The Black Church Is Failing Black Women

Porsha Wakefield
3 min readJun 24, 2020

From the womb, I’ve had to fight. I’ve been fighting all my life. The only place where I felt some sort of “safety” was in the black church. I remember attending my grandmother’s home church in a diminutive town in Townsville, South Carolina. I remember as a young girl, my great-uncle, Foster Earle, would pick my cousins and I up, in the blue church van, for youth choir practice and I would be so excited because church was my “happy place.” It was an escape from my mother, whom at the time, was dealing with an intense drug addiction. It was a haven of my black expression and individuality.

I remember standing in front of the church and leading songs and how the congregation would marvel at my vigorous voice. I remember how proud I felt seeing my grandmother, Willie Mae Earle, on the second row clapping her hands gleefully and smiling at me, ready to let anyone and everyone know that, “that’s my grandbaby!”

The black church, was indeed, my happy place.

Although the black church was my “happy place,” as a child, when I became older, my outlook on it changed. It slowly became a system of oppression and eventually I had no other choice but to disengage.
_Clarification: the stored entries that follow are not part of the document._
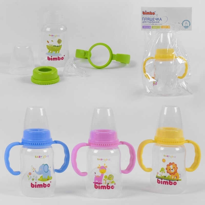 гр Пляшка для годування 10405 (144) з силіконовою соскою, ""BIMBO"", 150 мл, 4 кольори, пластик, 1шт в кульку
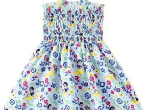 Disney Princess Frozen Elsa Minnie Stitch Toddler Girl Dress Bow Tie Straps Smocked Summer Outfit Birthday Party Clothes 2-9Y – Snowwhite,light Blue, 3-4T
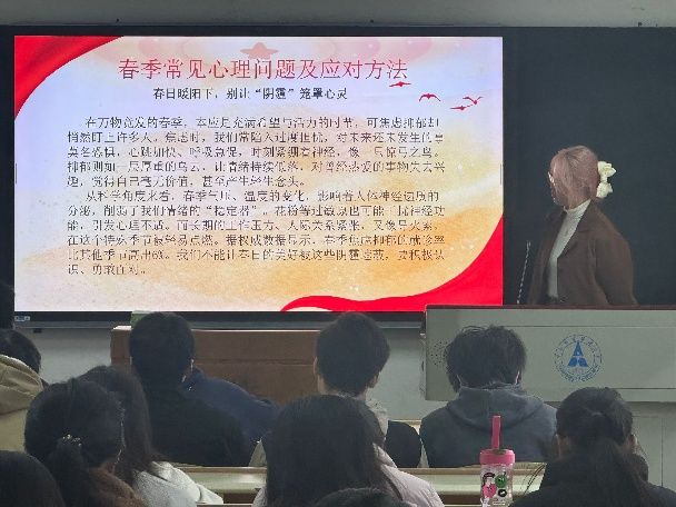 “五育润心,赋能健康成长” 通过精心制作的PPT和科普视频,心理委员王欣怡向同学们讲解了春季常见心理问题的表现及科学应对方法,强调心理健康与全面发展的重要性。活动还设置了互动环节,团员们结合自身经历分享减压技巧,现场气氛轻松融洽。

The black church, for years, has tried to silence me into submission but because I am a proud unorthodox black feminist; it’ll be a cold day in July before it ever happens.

In my opinion the black church is failing black women. Instead of it being a safe space for black women to worship God freely and unapologetically it has become an oppressive institution that fails to unpack and unlearn its misogynoir.
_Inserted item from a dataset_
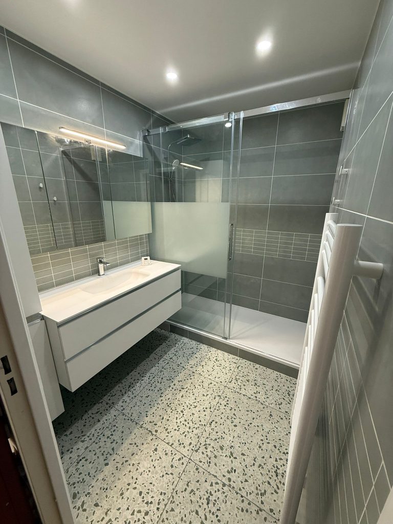 Rénovation complète de salle de bain: pose de carrelage au sol at aux murs, et installation d’un espace douche ainsi que d’une baignoire séparés par une paroi.

The black church has become a habitation for sexual predators. It has become a place where black women are being sexually preyed on and even murdered at the hands of men who profess to know and love Jesus Christ; men who weaponize their “faith” for sexual gratification and sadistic perversion.

Yes, the black church fails black women when they refuse to acknowledge these truths. The black church fails black women when they gaslight and victimize us. The black church fails black women when they over-sexualize us. The black church fails black women when they hyper-sexualize us. The black church fails black women when they refuse to protect us. The black church fails black women when they use respectability politics to tone-police and control our narratives. The black church fails black women with these “how to be a wife in 90-days” symposiums. The black church fails black women with these mean girl gatherings disguised as “women empowerment” conferences. The black church fails black women when we are forced to “hide our babies” out of wedlock, while their fathers, still get to operate in ministry. The list is long and nefarious.
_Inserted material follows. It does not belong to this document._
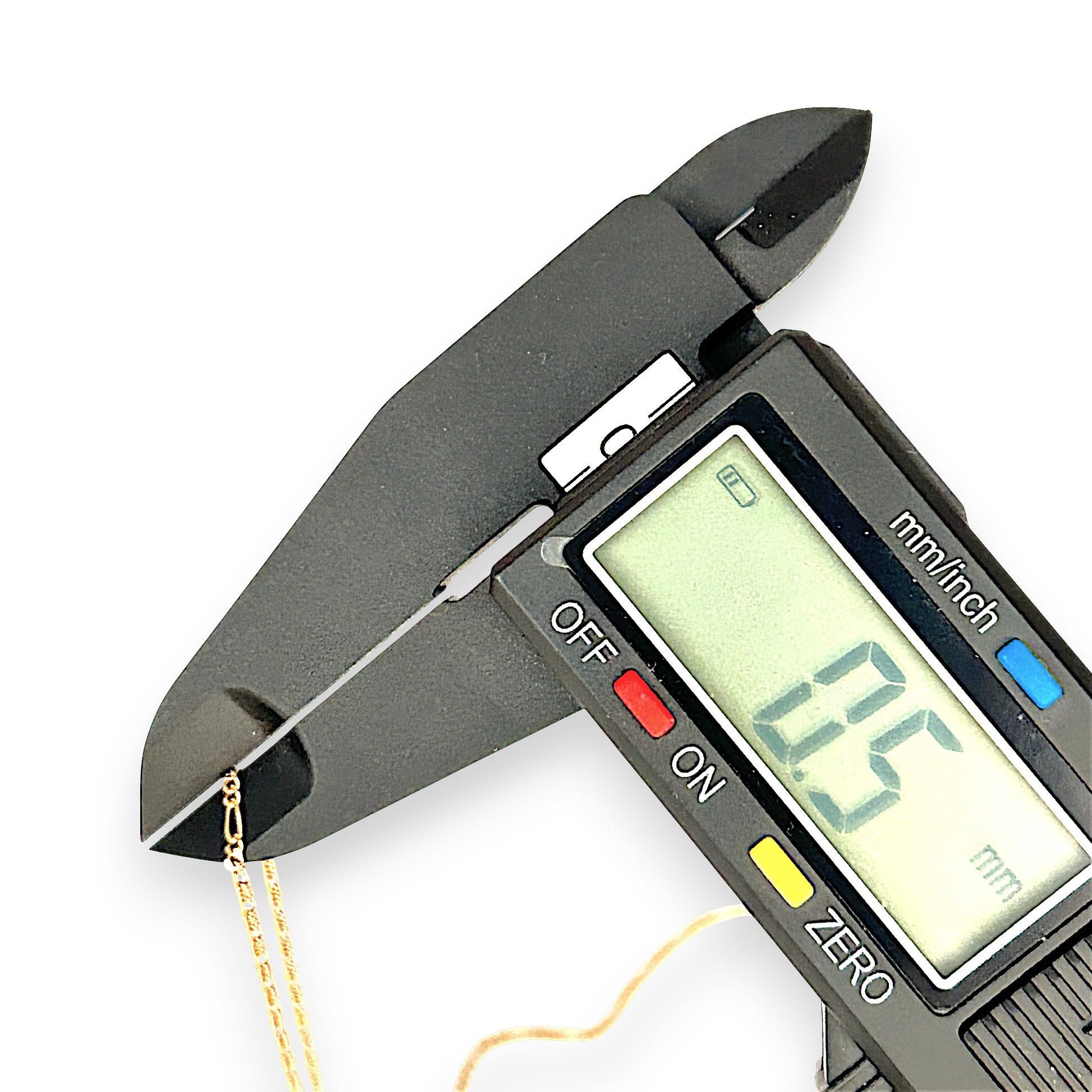A beautifully crafted 9ct gold Figaro chain featuring a graceful 3+1 link pattern. Its fine 1.3mm width and 40cm length offer a delicate yet sophisticated presence. Perfect as a subtle statement piece or layered for timeless elegance.

I have no doubt in my mind that the black church has the ability to be restored but in order for this to happen accountability must take place; honest conversations must be had. Black women’s platforms must expand in church; our testimonies cannot be tone-policed. The sexual predators, who have reigned for decades, in the pulpit and in the pews, must be removed and prosecuted. This, in my opinion, is the first step to regaining our respect for the black church.

The black church owes black women an apology and the greatest apology is changed behavior.